Take his discussion on why men should go coonhunting:
There are many reasons why the ‘coon hunt is fast becoming one of the most popular of the manly sports. The ‘coon is found in many sections of the United States. Other game is becoming very scarce. The wealthy business man, the man of affairs who is tied to his desk six days out of the week, can own a ‘coon hound and in the stilly hours of the night, after the day’s turmoil of business, can enjoy a few hours of the most strenuous sport now left to us and witness a battle royal between his faithful hound and the monarch of the forest, the wily ‘coon. Nothing that I can contemplate is more exhilarating or more soothing to the nerves than the excitement of the ‘coon hunt. From the first long drawn note when the trail is struck until the hound’s victorious cry at the tree, it is one round of excitement and anticipation. What or whose hound is leading? What direction will Mr. Coon take? What dog will be first to tree? And then the fight! It is simply great! And then showing the hide to the boys who didn’t go, and telling them about it for days to come.

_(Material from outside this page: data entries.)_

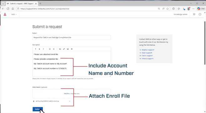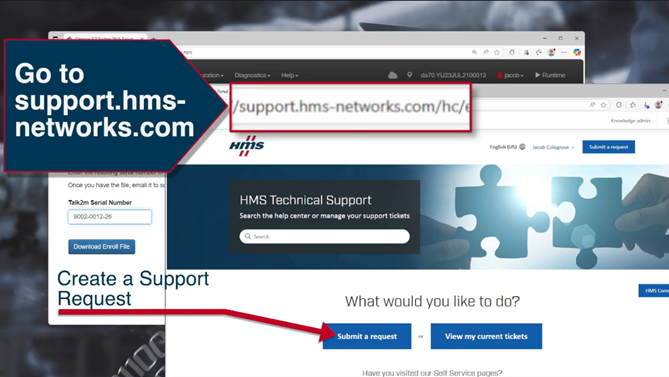 5. Go to support.hms-networks.com and submit a support request using Ewon as the product brand, and Talk2M as the product group.
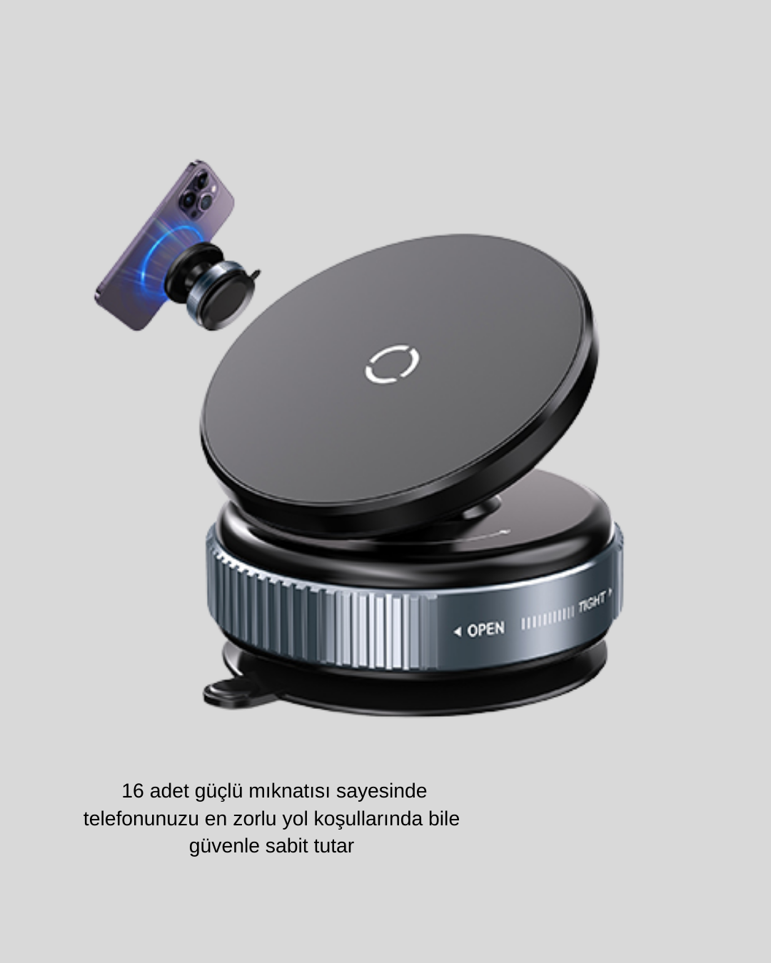 Bu güçlü manyetik telefon tutucu, yenilikçi vakum adsorpsiyon teknolojisi ve N52 sınıfı mıknatısıyla modern kullanıcıların hem güvenlik hem de konfor beklentilerine yönelik olarak tasarlanmıştır. Ürün, klasik vantuzlu tutuculardan çok daha farklı bir yapıya sahiptir; elektrik gerektirmez, yalnızca tek bir çevirme hareketiyle aktifleşen vakum sistemi sayesinde cam, araç önü, konsol veya düz yüzeylere saniyeler içinde sabitlenebilir. Bu mekanizma, yüzeyde iz bırakmadan güçlü bir tutuş sağlar. Deri veya ahşap gibi pürüzlü yüzeylerde kullanılmaya uygun olmasa da tüm düz yüzeylerde mükemmel performans sunar.Tutucunun merkezinde yer alan halkasal N52 mıknatıs, günümüzde kullanılan en güçlü mıknatıs tiplerinden biridir ve 35.27 oz seviyesinde manyetik tutuş gücü sunar. Bu güç, zorlu yol koşullarında dahi telefonu sabit tutar. Ani frenler, sert virajlar veya titreşimli yollar cihazın kaymasına engel olur. Ürün 8000’den fazla kullanım testiyle dayanıklılığını kanıtlamıştır.360 derece dönebilen tasarımı, hem dikey hem yatay kullanım arasında hızlı geçiş yapılmasını sağlar. Araç kullanırken navigasyon moduna, spor yaparken dikey video moduna veya yemek yaparken yatay izleme moduna kolaylıkla geçebilirsiniz. Aynı zamanda içerik üreticileri için TikTok, Instagram, Reels veya canlı yayınlarda mükemmel bir kullanım sunar.iPhone 12, 13, 14, 15, 16 serileri ile tam uyumludur. Mıknatıssız telefon ya da kılıf kullananlar için metal halka pakete dahil edilmiştir. Metal halkayı cihazınıza yapıştırıp 24 saat beklettiğinizde en yüksek yapışma gücüne ulaşır.Evde, arabada, banyoda, mutfakta veya spor alanlarında güvenle kullanabileceğiniz bu çok yönlü tutucu, telefon kullanımını hem pratik hem de güvenli hale getirir.
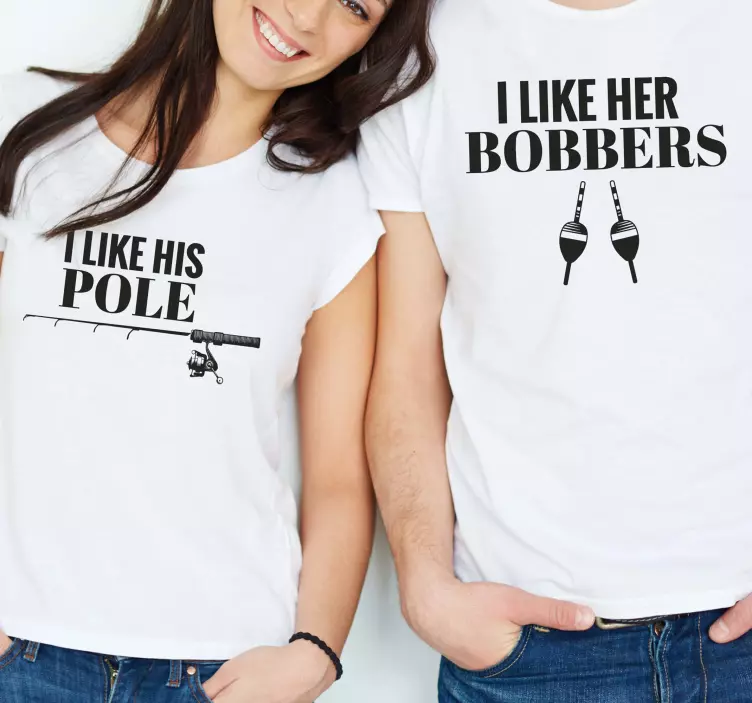Riferimento: T5280Questa immagine mostra una coppia che indossa magliette giocose con citazioni umoristiche legate alla pesca. Ogni maglietta mette in evidenza frasi spiritose, combinando divertimento e fascino, perfette per le coppie che amano pescare insieme. Il design abbraccia un tema leggero che sicuramente divertirà sia i portatori che gli spettatori.
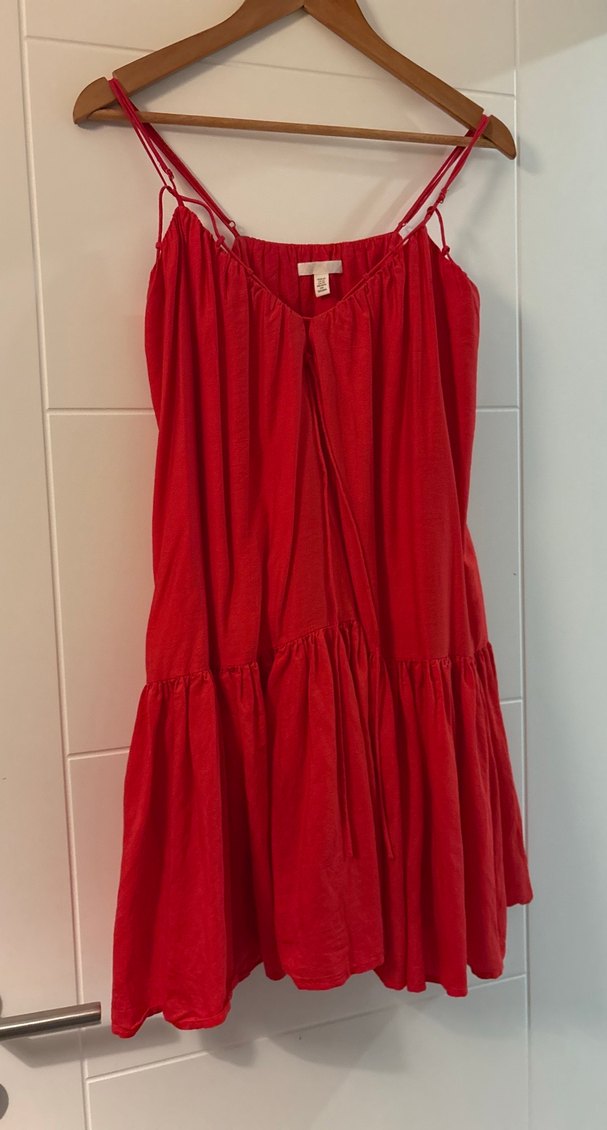 Kırmızı, askısız, midi boy, salaş kesim keten elbise. Parlak görünümlü, dökümlü tasarımıyla bohem tarzı yansıtıyor. Romantik akşamlar için uygun.
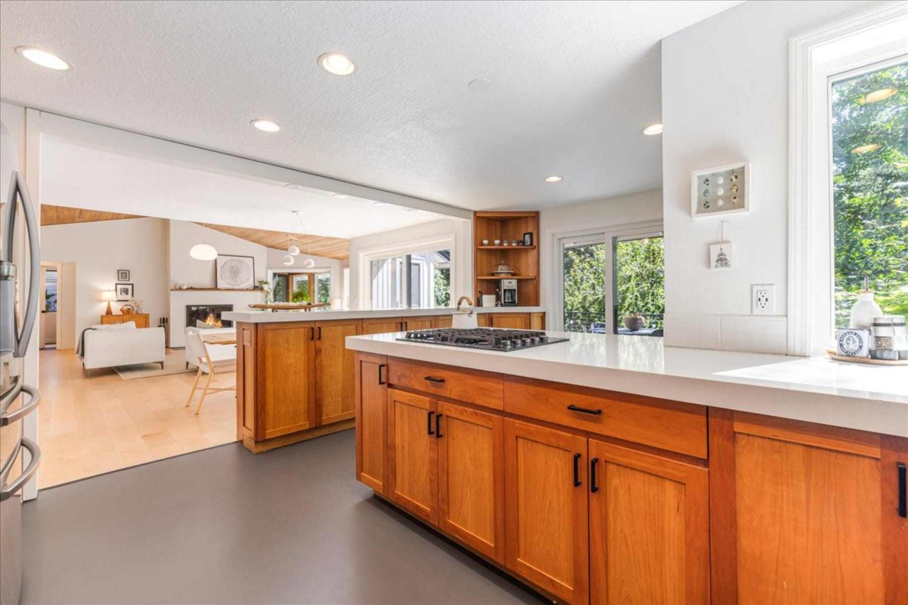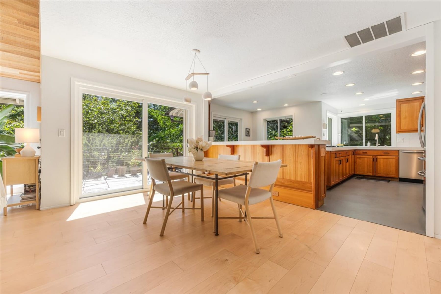 This may well be the most lovely home you've seen. The modern organic design of this home brings together soft, organic shapes and the beauty of natural materials with the clean, peaceful lines of organic design. Enjoy easy, main level living with the garage, kitchen, dining, living room, a bedroom and full bath all on the entry level (simply add one door to create a primary suite on the main), along with an expansive deck that sets you among the trees as if ensconced in the most wonderful treehouse ever. On the lower level, find additional living space with 2 bedrooms and 2 full bathrooms (the primary suite is on this level), in addition to a living room and an extraordinary, light filled solarium. Outside the door in the lower living room, you'll find TWO BONUS ROOMS (total of 5 potential bedrooms) that could be anything you need: two more bedrooms, a media room, craft room, office, or add a bathroom to create an ADU--so many options! There are literally too many updates to list here (new HVAC, flooring, appliances, to start), reach out for a full detail. A second deck off the primary offers private respite and the yard is large, natural and beautifully landscaped--what a very special home! The HOAs include full access to the Mountain Park Rec center for the household--a newly remodeled fitness center, lap pool, slide, and lazy river, tennis courts, and meeting rooms. Trails abound in Mountain Park, making it easy to access the outdoors right from your neighborhood. The restraint of the design choices and clean, simple lines and quality materials come together in a symphony that will never age out of style: sophisticated enough to entertain any guest, yet soft and comforting as a cashmere blanket.
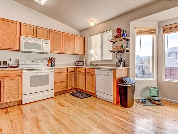 Spacious and sunlight-filled 3-bedroom home nestled on a large corner lot with a tremendous fenced yard and huge rear deck, perfect for outdoor living and entertaining! An inviting open floor plan, polished hardwood floors, vaulted ceilings, multiple living and family areas, spacious kitchen, warm tiled gas fireplace, kitchen with all appliances, master suite with an attached bath and double closets, and an excellent location near shopping and dining and showcase this exquisite home. Additional home features include central air conditioning, included washer and dryer, ceiling fans, window coverings, roof with composite shingles, and attached 2-car garage, and quick access to Woodmen Road, Marksheffel, and Powers Blvd. Offering comfort and easy living, this gem is not to be missed!
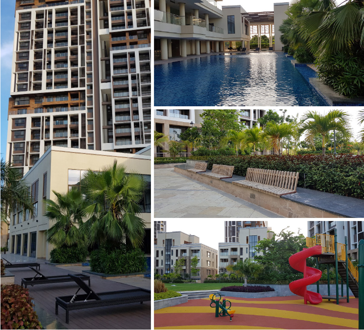 Inspired by the architecture of old Kolkata and the city's cultural context, this contemporary landscape setting offers a range of outdoor spaces, from the grandeur of a large arrival area to a small, cozy nook in the rear gardens. The landscape design also features a wide urban avenue as a central spine, which flows into podiums and club gardens, resplendent with rich tropical planting.
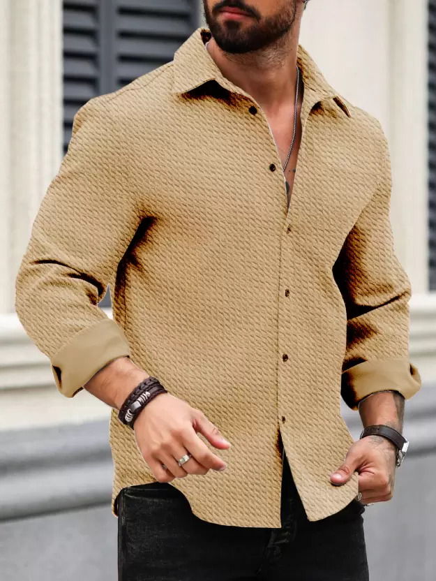 Men Regular Fit Solid Curved Collar Casual Shirt
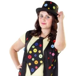Sie sind auf der Suche nach außergewöhnlichem Kostümzubehör, mit dem Sie Ihr Outfit an Fasching binnen Sekunden aufwerten und individuelle Akzente setzen können? Dann werden Sie dieses Stück lieben! Der niedliche Zylinder ist ein echter Hingucker, welcher sich mühelos mit einer Vielzahl an Kostümen kombinieren lässt. Er besteht zu 100 % aus Polyester, ist sowohl für Damen als auch für Herren erhältlich und insbesondere aufgrund der farbenfrohe Knöpfe, die liebevoll daran befestigt sind, ein echter Augenschmaus, von dem Sie und Ihre Lieben ganz sicher nicht genug bekommen. Ganz gleich, ob als extraordinärer Designer, verrückter Hutmacher oder schräger Kobold – mit dem tollen Hut sind Ihrer Kreativität in der närrischen Zeit fortan wirklich keine Grenzen mehr gesetzt.
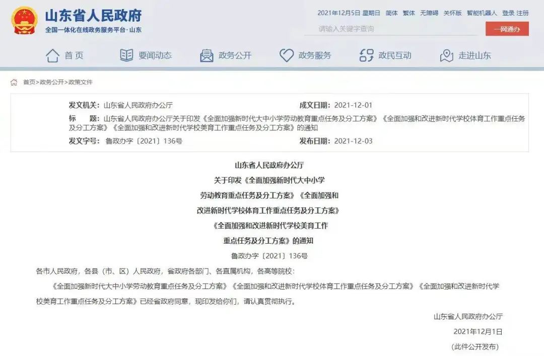 《全面加強(qiáng)新時代大中小學(xué)勞動教育重點任務(wù)及分工方案》《全面加強(qiáng)和改進(jìn)新時代學(xué)校體育工作重點任務(wù)及分工方案》《全面加強(qiáng)和改進(jìn)新時代學(xué)校美育工作重點任務(wù)及分工方案》已經(jīng)省政府同意,現(xiàn)印發(fā)給你們,請認(rèn)真貫徹執(zhí)行。
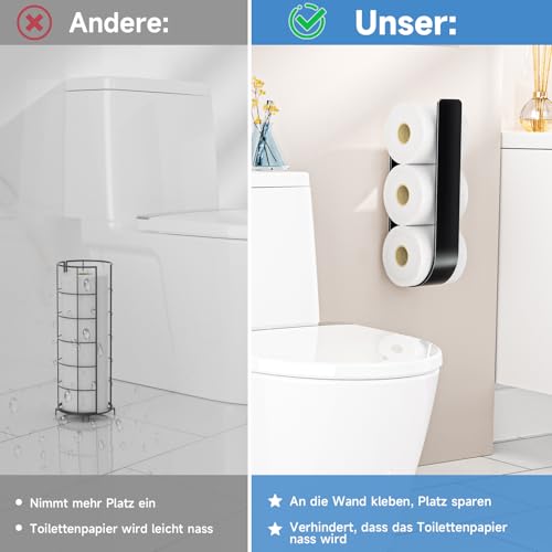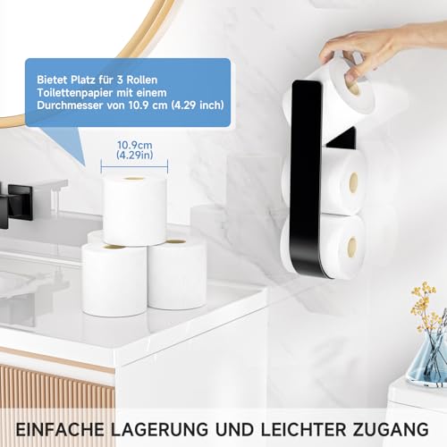- Easy storage: the toilet paper storage black from LOXSUN has a U-shaped design that makes it easier to store and remove toilet paper. Offers space for 3 rolls of toilet paper with a diameter of 4.29 inches.

The ‘coon hunt calls for manhood. Tender weaklings cannot endure the exertions necessary to enjoy this sport. It is too strenuous for the lazy man or the effeminate man to enjoy. They shudder at the thoughts of donning a pair of heavy hip boots and tramping thru swamps and slashes, crossing creeks and barbed wire fences, thru briars and thickets, maybe for several miles, and the probability of getting lost and having to stay all night. But to the man with nerve and backbone this is one of the enjoyable features. It affords great fun to get a tenderfoot to go out for the first time and initiate him into the “‘coon hunters’ club.” The tenderfoot will use every cuss word ever invented and will coin new ones when the supply of old ones becomes worn out and ineffective. He will cuss the briars, cuss the ditches, cuss the creek, cuss the fences, cuss the swamps, cuss the slashes, cuss the man who persuaded him to go, and finally cuss himself for going. But when the excitement of the chase is on and when the fight commences he becomes reconciled; and if good luck is had he is very likely to be the next man to propose another “‘coon hunt.”
A half dozen hunts will make an enthusiastic ‘coon hunter of any able bodied man — and I might suggest that a half a thousand ‘coon hunts will make an able bodied man out of any man. It will throw off the waste matter and dead tissues of the body, cause deep breathing, arouse torpid and sluggish livers, promote digestion, and is a general panacea for all human ailments of both mind and body.
So it is rigorous sport that pits man and dogs against the “monarch of the forest,” which will be the only place in all of Western literature where a raccoon is given this title!
And it will cure you of just about all that ails you!